The intended consumer is a short-read aligner (the project was extracted from a bwa-mem3 design exercise). The integration pattern looks like:

read → tokenize first 32 bases → prmi_lookup → predicted SA position + err bound
                                       ↓
                              search SA[pred-err .. pred+err]
                                       ↓
                              prmi_smem_range_packed( query, pac )
                                       ↓
                                  (k, l, s) SA interval
                                       ↓
                              prmi_sa_positions( k, l, positions )
                                       ↓
                           positions[0..l): forward-strand genome offsets

Once you have (k, l, s) from prmi_smem_range_packed, resolve the SA interval to genome positions with prmi_sa_positions:

uint64_t k, l, s;
prmi_smem_range_packed(idx, query, 32, pac, pac_num_bases, &k, &l, &s);
if (l > 0) {
    std::vector<uint64_t> positions(l);
    prmi_sa_positions(idx, k, l, positions.data());
    // positions[0..l) are forward-strand genome offsets of the matches.
}

prmi_sa_positions writes l uint64 genome positions into the caller-provided buffer starting at SA index k.

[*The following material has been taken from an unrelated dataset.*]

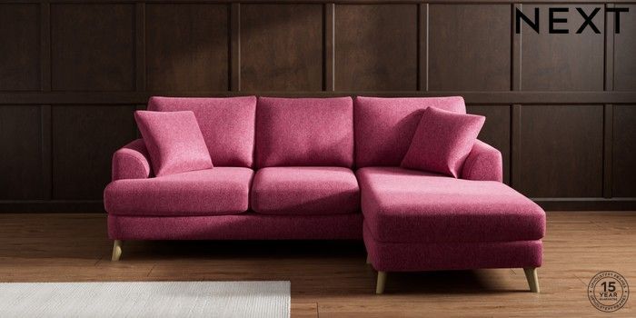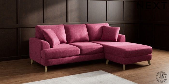 7.2.10 Parker Small Sofa Chaise - Universal Cotswold Chenille Dark Raspberry Pink Low Retro Tapered - Light | Made Click here to use our website with more accessibility support, for example screen readers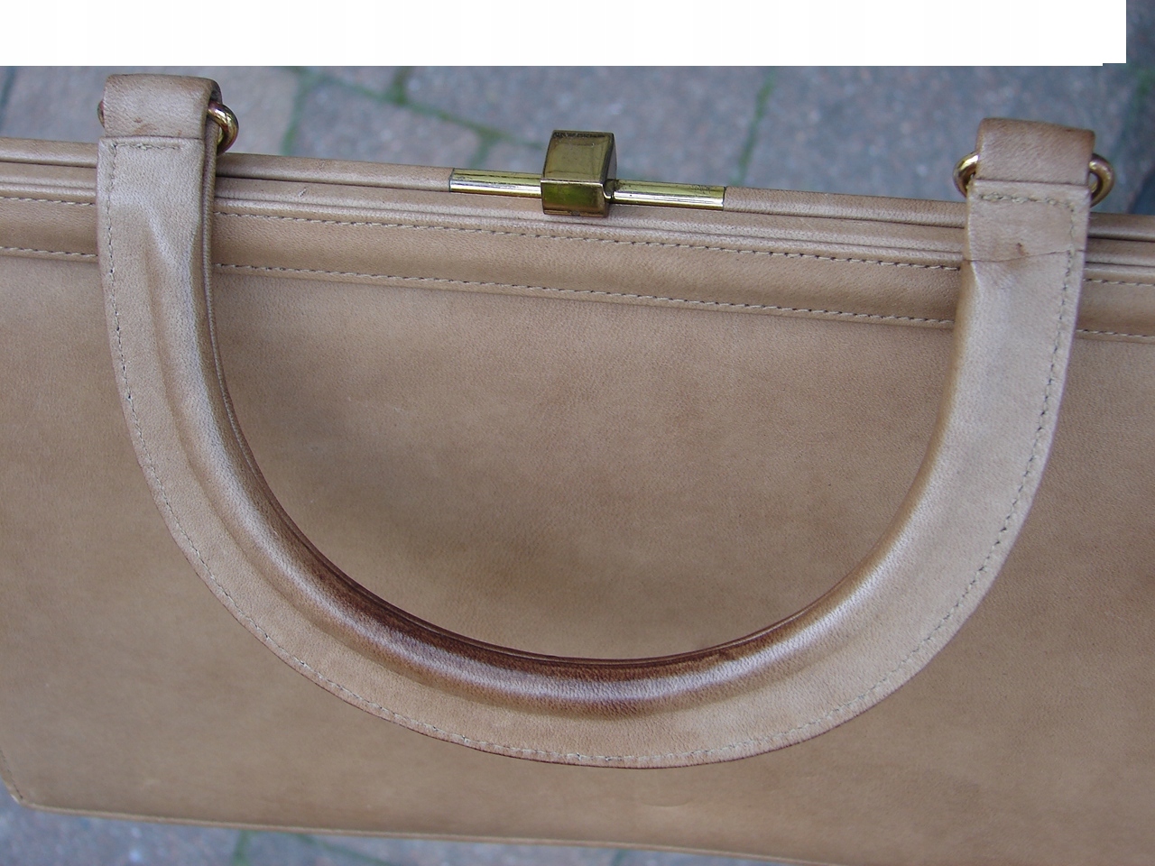 Сумка не має розривів, але має сліди використання у вигляді локального зміни кольору, бруд і локальні вм'ятини. Блискавка та застібки повністю справні.

Returns 0 on success, negative on error (see prmi_last_error_message). No allocation; the caller owns the buffer. Thread-safe — concurrent calls on the same handle are safe.

Link line

# Build:
cargo build --release -p prmi-sys
# Produces: target/release/libprmi_sys.a, target/release/libprmi_sys.so|dylib
#           prmi-sys/include/prmi.h  (generated by cbindgen)

# Link against the static archive. libsais's OpenMP object code is embedded in
# the archive, so a static consumer must also supply an OpenMP runtime:
# -fopenmp (libgomp) on Linux, Homebrew libomp on macOS.

# Linux:
c++ -std=c++17 -I prmi-sys/include my_app.cc \
    target/release/libprmi_sys.a \
    -fopenmp -lpthread -ldl -lm

# macOS:
c++ -std=c++17 -I prmi-sys/include my_app.cc \
    target/release/libprmi_sys.a \
    -L"$(brew --prefix libomp)/lib" -lomp \
    -framework Security -framework CoreFoundation

libsais is statically embedded into libprmi_sys.a; no system libsais is required (but the OpenMP runtime above is, because the embedded libsais uses it).

pkg-config / CMake

prmi-sys/prmi-sys.pc.in and prmi-sys/cmake/PrmiSysConfig.cmake.in are templates downstream consumers can substitute and install. See prmi-sys/INSTALL.md for the substitution recipe.

Query length

prmi_smem_range and prmi_smem_range_packed require query_len == 32. Queries shorter than 32 bases are rejected with a non-zero return code and a message via prmi_last_error_message (Rust: Error::Internal). The T-padding used for sub-32-mer keys does not preserve lexicographic sort order relative to longer SA suffixes, so the err bound in the learned index does not cover the discrepancy. Pad your query to 32 bases before calling. For short reads at the end of a contig, the missing trailing bases are simply absent from the SA — they will not match — so padding with any constant value (e.g. T) is safe.

PAC encoding

prmi_smem_range expects the reference as 1 base per byte (values 0..=3). For BWA / BWA-MEME-style 2-bit packed pac (4 bases per byte, MSB-first within byte), use prmi_smem_range_packed instead and pass the base count separately. The two functions produce identical results on the same logical reference.

SA coordinate convention

The v0.1 trainer builds the suffix array over the forward strand only. The .meta file records this as [sa] strand = "forward_only". Consumers needing reverse-strand matches must either (a) tokenize the reverse complement of each query and call lookup/smem_range a second time, or (b) wait for v0.2 which will expose --strand forward_reverse trainer support. Readers must reject unknown strand values via Error::FormatTooNew.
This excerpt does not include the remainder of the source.